I have been giving a little thought to the Oceanic troops that are just
being put out, and the suggestion that the Saw carried by the squad
gunner
is a d8 fire power conventional Saw. With the small fire teams proposed
(3
rifle men @ 2 fp=d6, 1 saw gunner) you are going to have to get pretty
close when compared to other published toe's which seem to generally
feature a fp d12 for the squad plus a d10 or so Saw (perhaps I am being
spoilt by the NSL & FSE troops we usually play with).
Looking at the Oceanic Saw gunner I thought this might be in fact a gas
powered 'rotary action' gun, and the rear feed position suggests to me
either a Mauser or Dardick type of rotary action (see below).
There are about 4 major types of automatic weapon action that use a
'rotary' action that I am aware of:
1) Gatling - several barrels each with its own bolt and feed system.
Gererally externally powered by hand or electric power - Dr. Gatling
patented the electric belt fed gun but never produced it - and there was
at
least one patent for a rather peculiar gas operated conversion that
probably never saw light of day. In use today as the various,
principally
US, 'Mini-guns' for 5.56 to 30 mm rounds.
2) Hotchkiss - several barrells with an interupted gear system, a fixed
extractor, rammer and firing stations. The barrells rotated, stopped and
fired, rotating 1 station where the empty was removed from one barrel,
another barrell was loaded and a shot fired. Usually chambered for large
calibre shells up to 40mm. Gatling always considered it an inferior
attempt
to copy his gun.
3) Mauser - developed during WW2, similar to the Hotchkiss but used a
revolver cylinder of 5 chambers and a single barrell instead of multiple
barrells thus saving considerable weight. The gun was powered by a gas
takeoff and piston like a convetional MG which caused a cam plate to
reciprocate, powering the rammer and extractor and rotating the cylinder
Used in the German MG151 and MG151/20, also post war in the British 30mm
Aden cannon - still in service in the Harrier, and I think the current
23mm
cannon in the Tornado also used the same system.

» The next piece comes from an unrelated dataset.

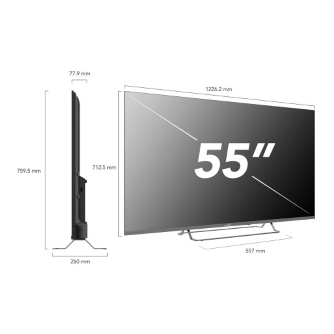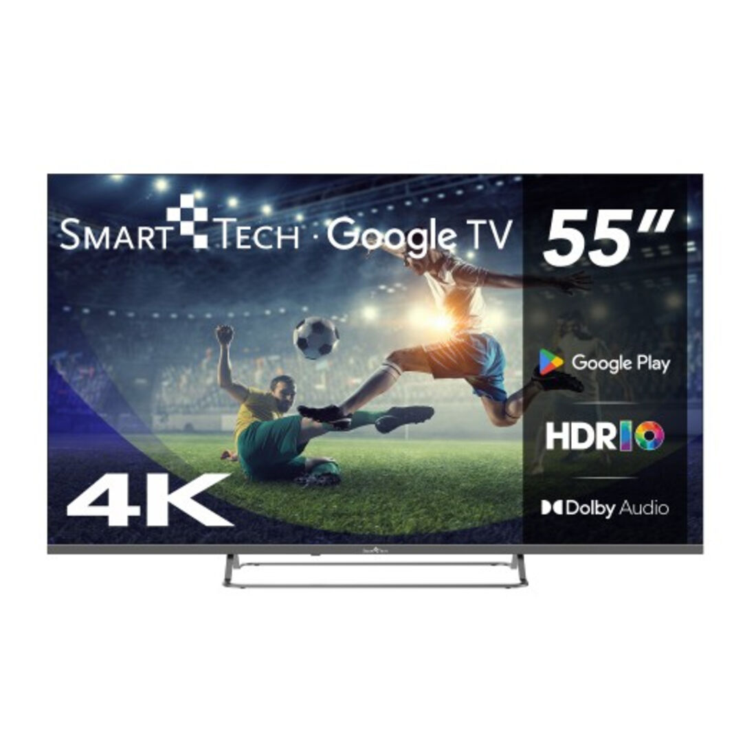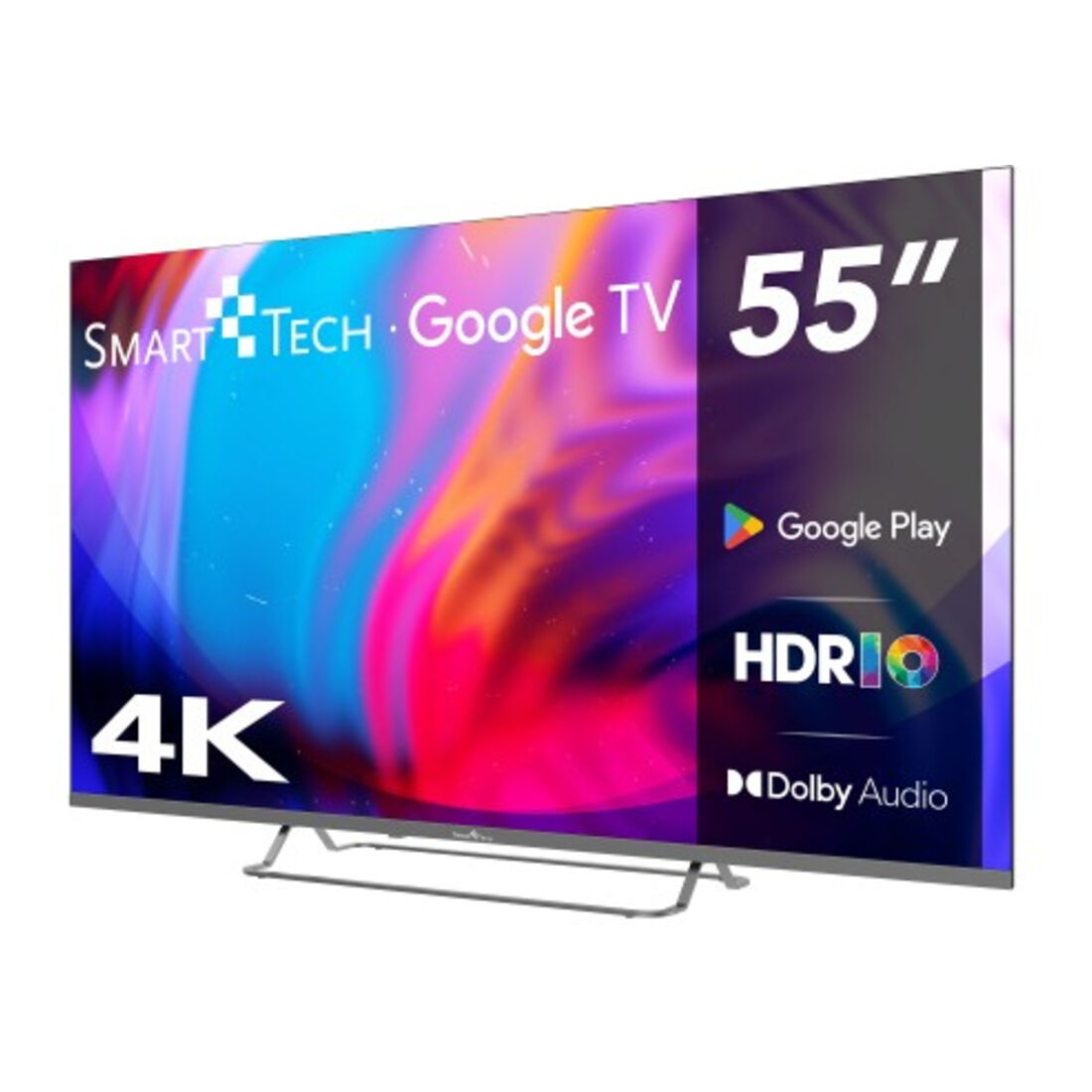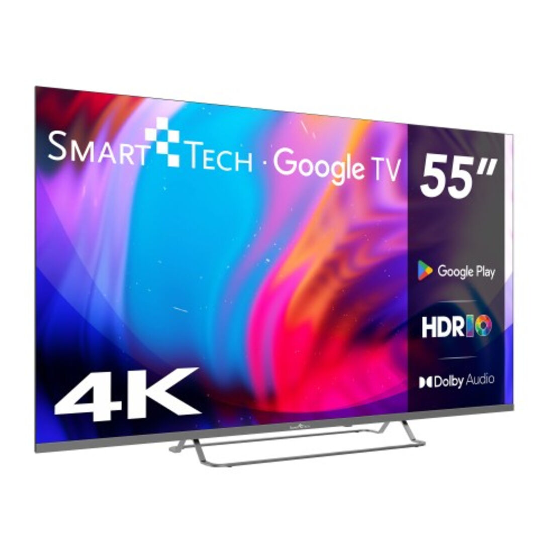 Smart-Tech 55UG02V. Dimensioni diagonale schermo: 139,7 cm (55″), Risoluzione del display: 3840 x 2160 Pixel, Tipologia HD: 4K Ultra HD, Tecnologia display: QLED, Forma dello schermo: Piatto, Tipo di retroilluminazione LED: Direct-LED. Smart TV. Luminosità schermo: 260 cd/m², Tempo di risposta: 8,5 ms, Rapporto di contrasto: 3000:1, Rapporto d’aspetto nativo: 16:9. Formato del segnale digitale: DVB-C, DVB-S, DVB-T, DVB-T2. Wi-Fi, Collegamento ethernet LAN. Colore del prodotto: Grigio

4) Dardick - used triangular rounds and a three finned rotor ( a bit
like a
negative wankel rotary engine) with a linkless feed. This design
eliminated
almost all reciprocating parts. Not a commercial success in small arms,
Dardick is apparently still doing work for the US Navy using the
triangular
rounds for the next generation of anti missile autocannons. The original
war externally powered by a double action revolver type trigger, it
could
also be electrically driven but there is no reason it could not be
powered
by a gas piston off the barrell.
Any constructive comments, especially for Jon(GZG) would be appreciated.